▶ [Work instructions] With pictures excluded, copy word for word the lines in the data below from the line containing "笔记本的后端多出来约1cm宽" through the line containing "式中,ε′為介電常數,反映電".

[Collected data]
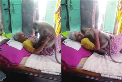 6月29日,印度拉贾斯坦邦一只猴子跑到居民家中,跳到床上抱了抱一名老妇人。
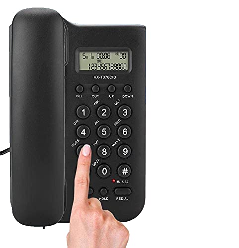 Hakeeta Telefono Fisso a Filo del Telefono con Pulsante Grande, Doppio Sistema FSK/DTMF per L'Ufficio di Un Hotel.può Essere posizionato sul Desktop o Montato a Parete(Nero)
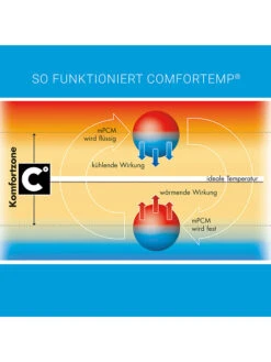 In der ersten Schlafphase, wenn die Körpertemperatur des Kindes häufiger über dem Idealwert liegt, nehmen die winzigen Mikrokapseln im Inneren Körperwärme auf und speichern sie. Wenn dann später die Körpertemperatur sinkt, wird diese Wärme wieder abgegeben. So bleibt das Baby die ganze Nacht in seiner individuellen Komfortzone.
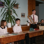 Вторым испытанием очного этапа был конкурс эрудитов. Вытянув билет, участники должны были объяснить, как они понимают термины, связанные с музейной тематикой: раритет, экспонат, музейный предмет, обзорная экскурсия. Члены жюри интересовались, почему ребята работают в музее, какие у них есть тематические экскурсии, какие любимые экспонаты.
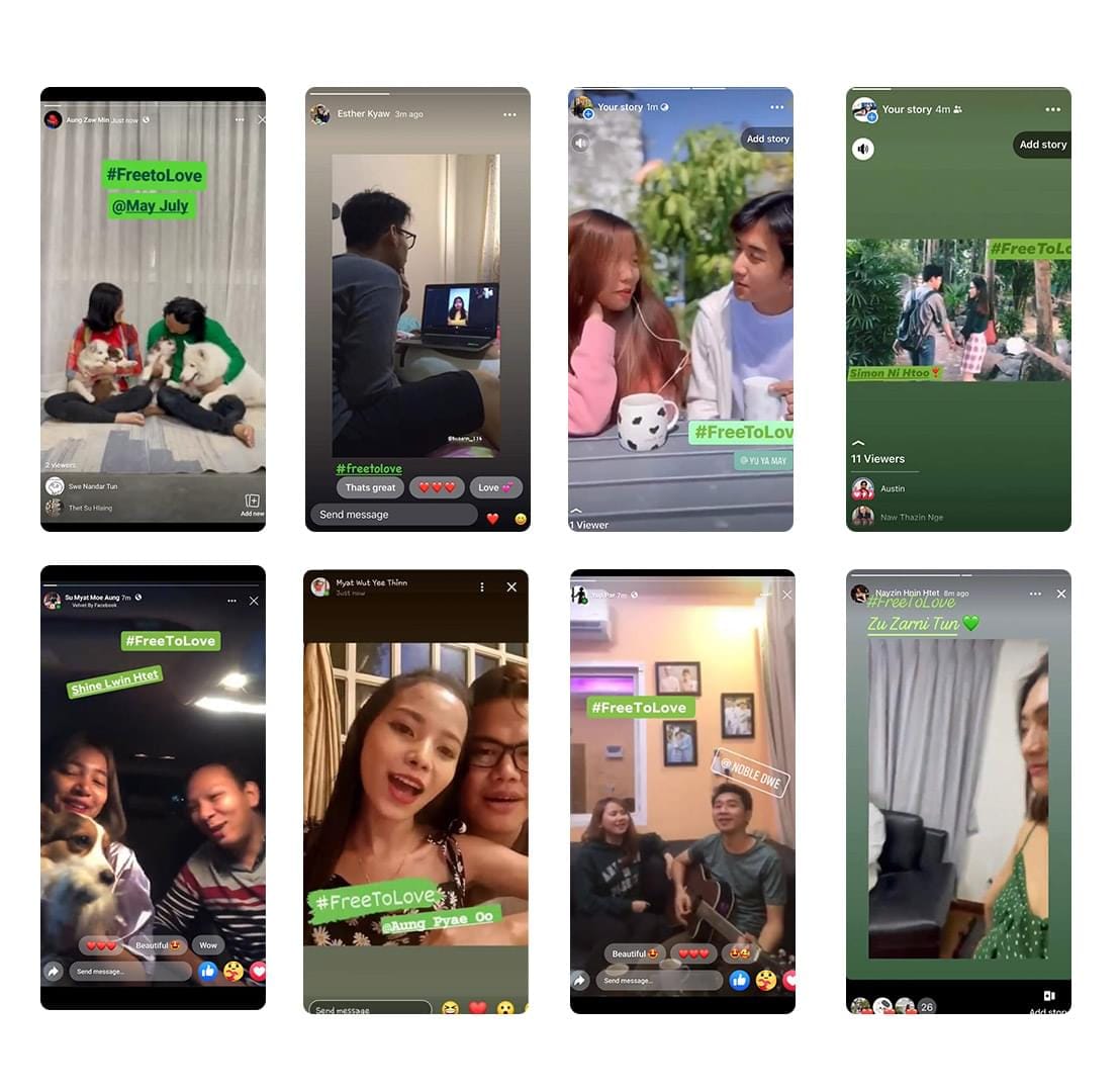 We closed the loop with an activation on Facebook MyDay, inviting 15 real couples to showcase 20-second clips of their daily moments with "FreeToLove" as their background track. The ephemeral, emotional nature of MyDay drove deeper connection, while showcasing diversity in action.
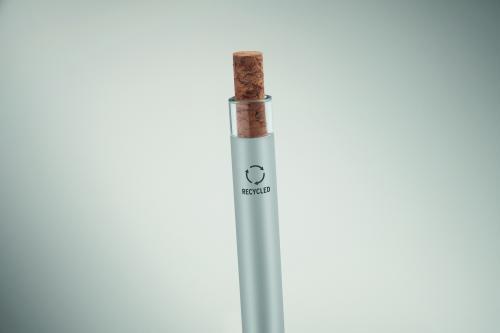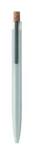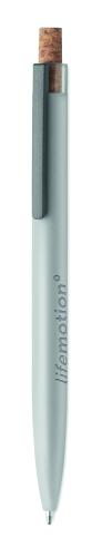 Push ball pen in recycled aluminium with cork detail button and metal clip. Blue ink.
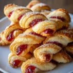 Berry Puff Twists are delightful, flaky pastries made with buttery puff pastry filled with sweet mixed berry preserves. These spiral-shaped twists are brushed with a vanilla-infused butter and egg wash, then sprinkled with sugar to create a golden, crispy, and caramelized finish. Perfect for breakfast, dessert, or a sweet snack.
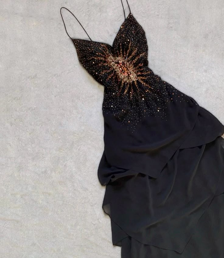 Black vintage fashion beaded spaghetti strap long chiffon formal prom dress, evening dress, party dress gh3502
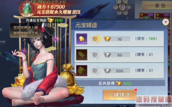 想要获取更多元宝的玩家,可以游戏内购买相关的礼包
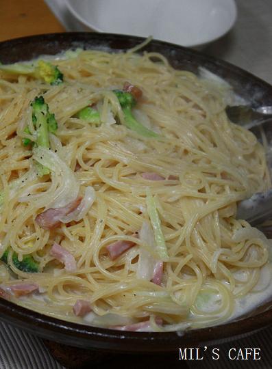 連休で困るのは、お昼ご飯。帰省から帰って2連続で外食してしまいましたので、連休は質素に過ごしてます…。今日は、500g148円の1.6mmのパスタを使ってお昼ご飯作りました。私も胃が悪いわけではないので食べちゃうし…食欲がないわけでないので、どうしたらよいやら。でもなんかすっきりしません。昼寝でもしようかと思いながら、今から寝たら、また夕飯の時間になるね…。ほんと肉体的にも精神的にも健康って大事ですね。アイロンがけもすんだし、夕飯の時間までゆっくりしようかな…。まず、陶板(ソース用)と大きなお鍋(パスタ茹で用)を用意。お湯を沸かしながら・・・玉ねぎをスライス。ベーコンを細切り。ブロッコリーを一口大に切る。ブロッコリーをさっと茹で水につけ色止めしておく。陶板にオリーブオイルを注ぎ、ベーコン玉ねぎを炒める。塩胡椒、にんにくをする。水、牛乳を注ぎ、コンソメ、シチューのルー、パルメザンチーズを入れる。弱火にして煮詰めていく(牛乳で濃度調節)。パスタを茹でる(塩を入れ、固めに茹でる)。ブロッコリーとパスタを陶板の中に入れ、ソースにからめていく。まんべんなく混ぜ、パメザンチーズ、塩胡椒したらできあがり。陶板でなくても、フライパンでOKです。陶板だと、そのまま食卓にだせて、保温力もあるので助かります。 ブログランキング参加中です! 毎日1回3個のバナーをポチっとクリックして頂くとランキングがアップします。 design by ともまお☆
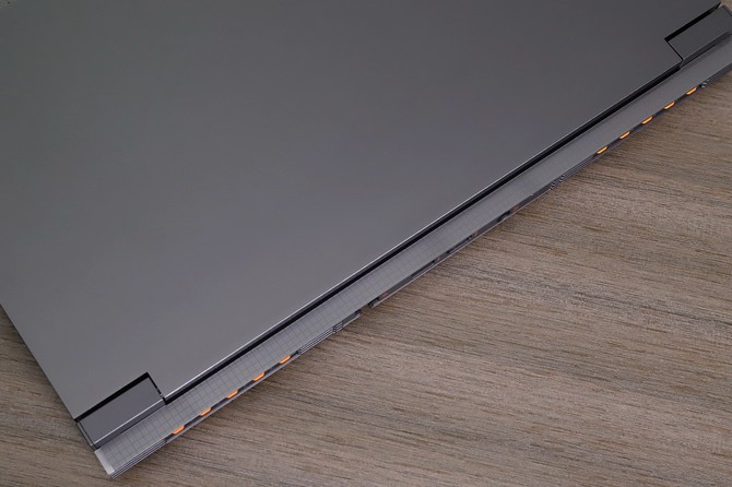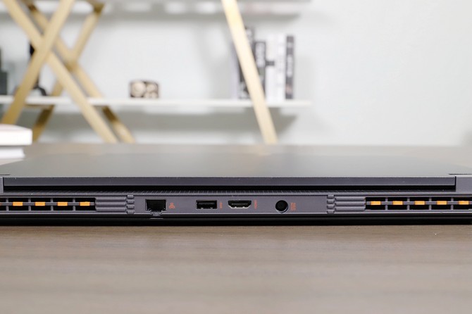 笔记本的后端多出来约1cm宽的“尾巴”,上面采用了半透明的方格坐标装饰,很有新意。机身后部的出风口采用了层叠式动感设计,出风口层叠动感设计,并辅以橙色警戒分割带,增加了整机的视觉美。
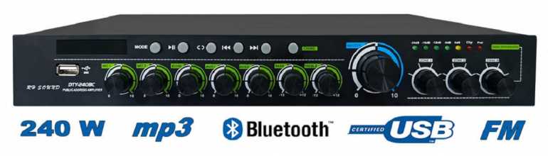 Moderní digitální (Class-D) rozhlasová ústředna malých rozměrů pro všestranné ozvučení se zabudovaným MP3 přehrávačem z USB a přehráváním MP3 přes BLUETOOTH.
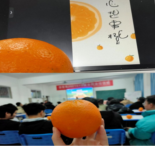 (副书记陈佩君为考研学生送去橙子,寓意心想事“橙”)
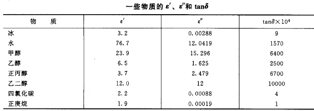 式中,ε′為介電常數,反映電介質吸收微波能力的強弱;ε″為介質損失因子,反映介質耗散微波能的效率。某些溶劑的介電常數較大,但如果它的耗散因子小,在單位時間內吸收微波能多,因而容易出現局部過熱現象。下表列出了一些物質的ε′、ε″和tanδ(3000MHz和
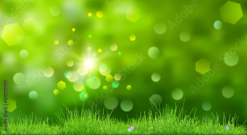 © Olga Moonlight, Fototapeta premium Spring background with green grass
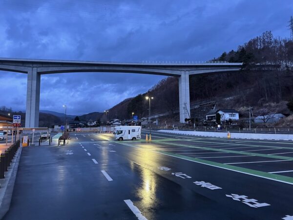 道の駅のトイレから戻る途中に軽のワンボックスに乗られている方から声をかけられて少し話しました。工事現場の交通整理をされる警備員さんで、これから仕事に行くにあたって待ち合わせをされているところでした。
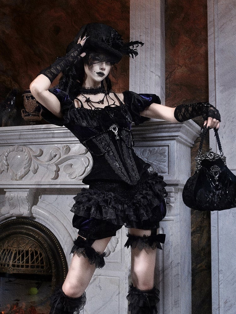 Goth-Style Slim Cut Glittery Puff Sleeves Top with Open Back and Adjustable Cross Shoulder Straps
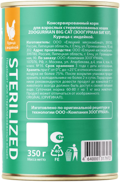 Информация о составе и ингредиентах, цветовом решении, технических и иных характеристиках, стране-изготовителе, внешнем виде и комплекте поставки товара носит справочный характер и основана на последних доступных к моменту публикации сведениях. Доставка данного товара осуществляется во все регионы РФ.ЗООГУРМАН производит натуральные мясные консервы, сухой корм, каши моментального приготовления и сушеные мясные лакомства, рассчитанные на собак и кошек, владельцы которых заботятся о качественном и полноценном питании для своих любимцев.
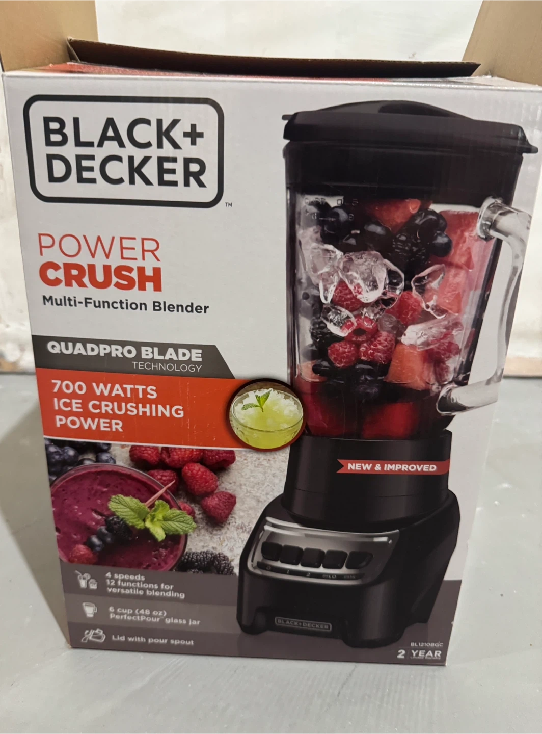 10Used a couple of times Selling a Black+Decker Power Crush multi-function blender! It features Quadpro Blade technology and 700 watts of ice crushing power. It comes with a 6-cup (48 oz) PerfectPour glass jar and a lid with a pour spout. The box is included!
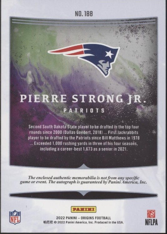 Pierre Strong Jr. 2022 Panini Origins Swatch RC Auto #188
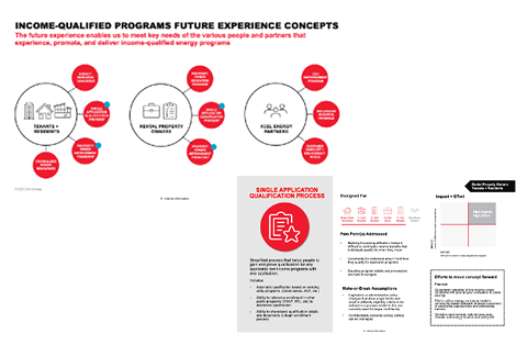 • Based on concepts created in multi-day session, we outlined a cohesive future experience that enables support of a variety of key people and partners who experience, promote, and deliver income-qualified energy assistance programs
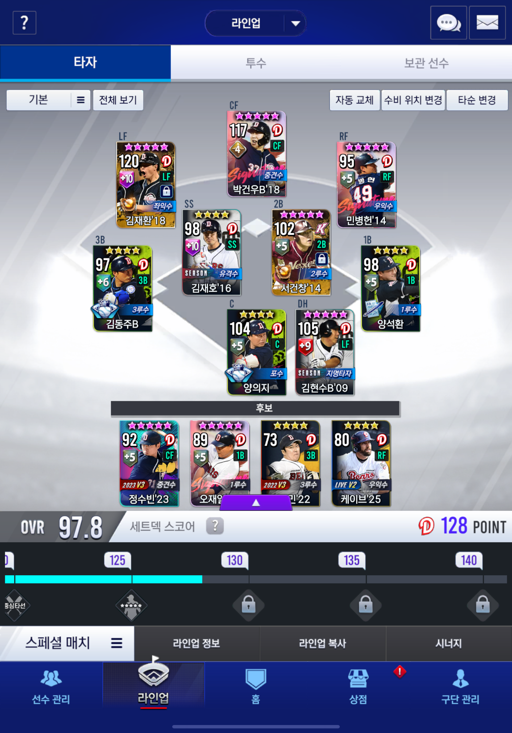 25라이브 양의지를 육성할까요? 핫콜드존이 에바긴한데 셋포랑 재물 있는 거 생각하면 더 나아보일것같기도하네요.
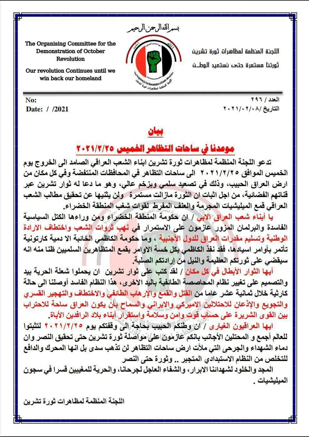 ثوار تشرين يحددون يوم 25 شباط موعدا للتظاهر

▶ [Task solution]
 笔记本的后端多出来约1cm宽的“尾巴”,上面采用了半透明的方格坐标装饰,很有新意。机身后部的出风口采用了层叠式动感设计,出风口层叠动感设计,并辅以橙色警戒分割带,增加了整机的视觉美。
 Moderní digitální (Class-D) rozhlasová ústředna malých rozměrů pro všestranné ozvučení se zabudovaným MP3 přehrávačem z USB a přehráváním MP3 přes BLUETOOTH.
 (副书记陈佩君为考研学生送去橙子,寓意心想事“橙”)
 式中,ε′為介電常數,反映電介質吸收微波能力的強弱;ε″為介質損失因子,反映介質耗散微波能的效率。某些溶劑的介電常數較大,但如果它的耗散因子小,在單位時間內吸收微波能多,因而容易出現局部過熱現象。下表列出了一些物質的ε′、ε″和tanδ(3000MHz和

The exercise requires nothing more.